"""
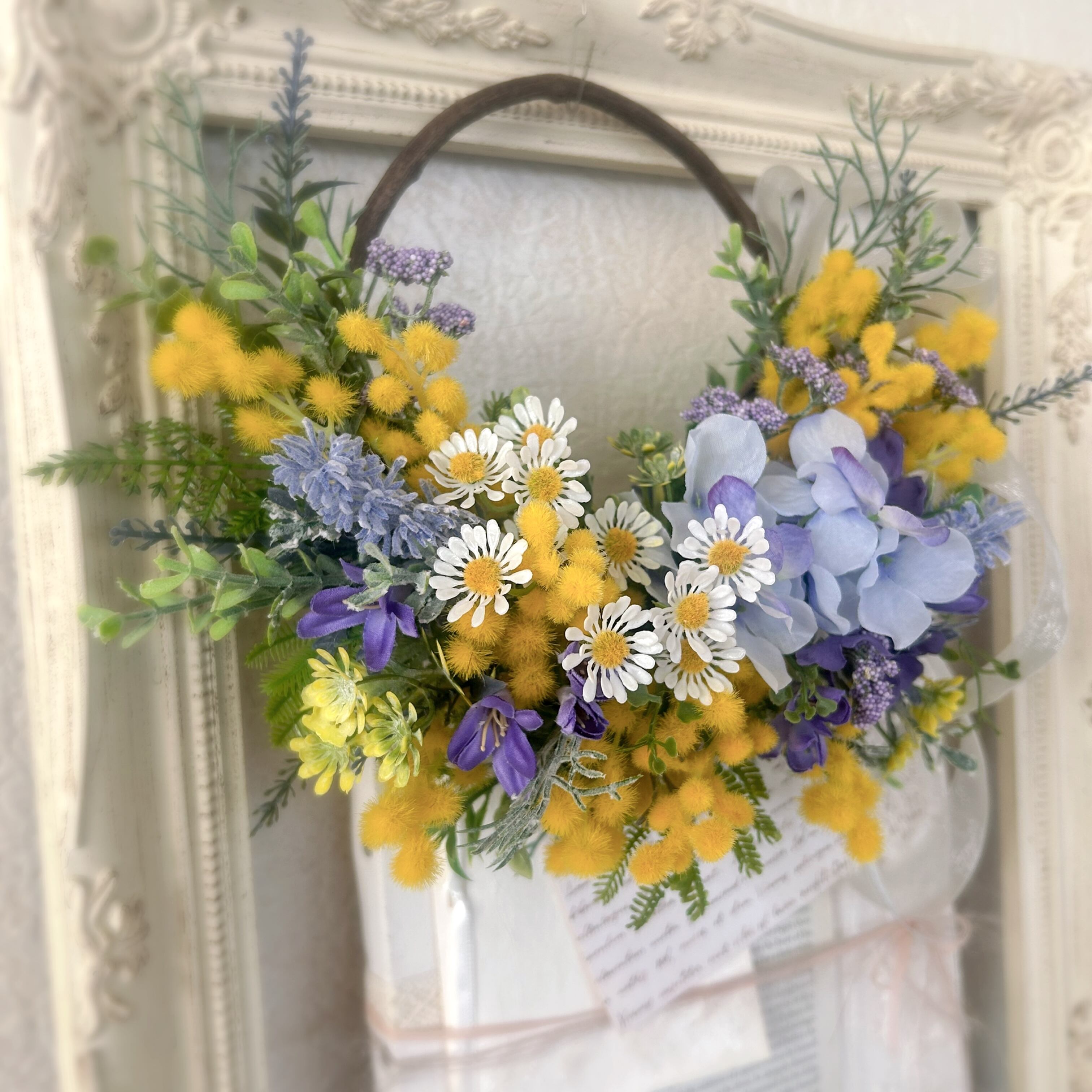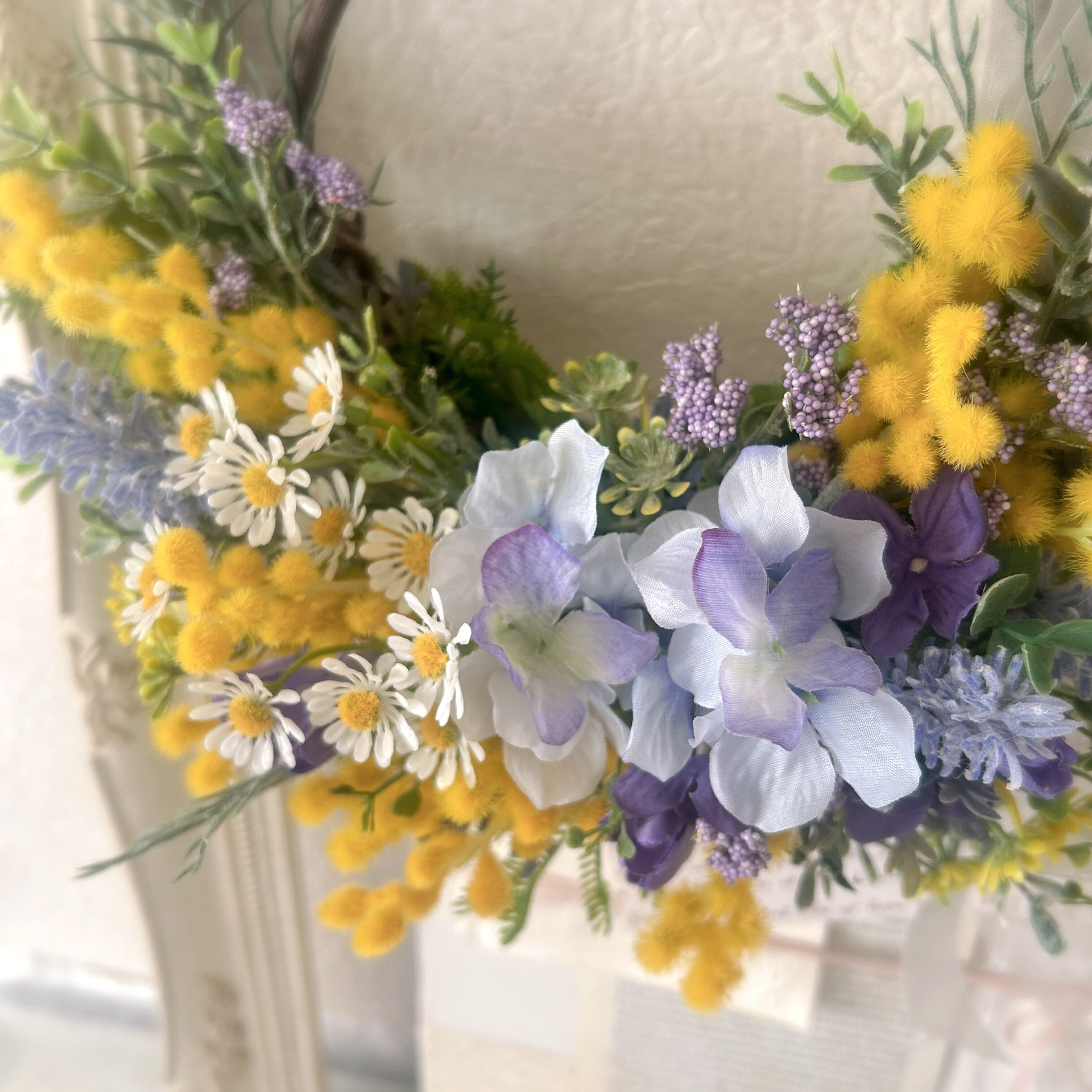 ミモザ・カモミール・ラベンダーの春色ハーフリース/春リース/フラワーインテリア/フラワーギフト/ドアリース/ハーフリース/造花リース/新築祝い/母の日ギフト/誕生日プレゼント/結婚祝い
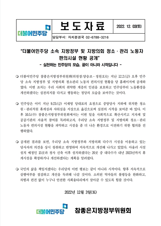 [보도자료] 더불어민주당 참좋은지방정부위원회, 더불어민주당 소속 지방정부 및 지방의회 청소·관리 노동자 편의시설 현황파악 공개
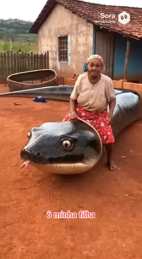 A velha passeando montada na cobra gigante. #humor #cobra #ia #comédia #videoIA
"""
• **WHAT TO PRODUCE**: Print every line of the data exactly. Pictures do not belong in the copy.

• **RESPONSE TO THE TASK**:
 ミモザ・カモミール・ラベンダーの春色ハーフリース/春リース/フラワーインテリア/フラワーギフト/ドアリース/ハーフリース/造花リース/新築祝い/母の日ギフト/誕生日プレゼント/結婚祝い
 [보도자료] 더불어민주당 참좋은지방정부위원회, 더불어민주당 소속 지방정부 및 지방의회 청소·관리 노동자 편의시설 현황파악 공개
 A velha passeando montada na cobra gigante. #humor #cobra #ia #comédia #videoIA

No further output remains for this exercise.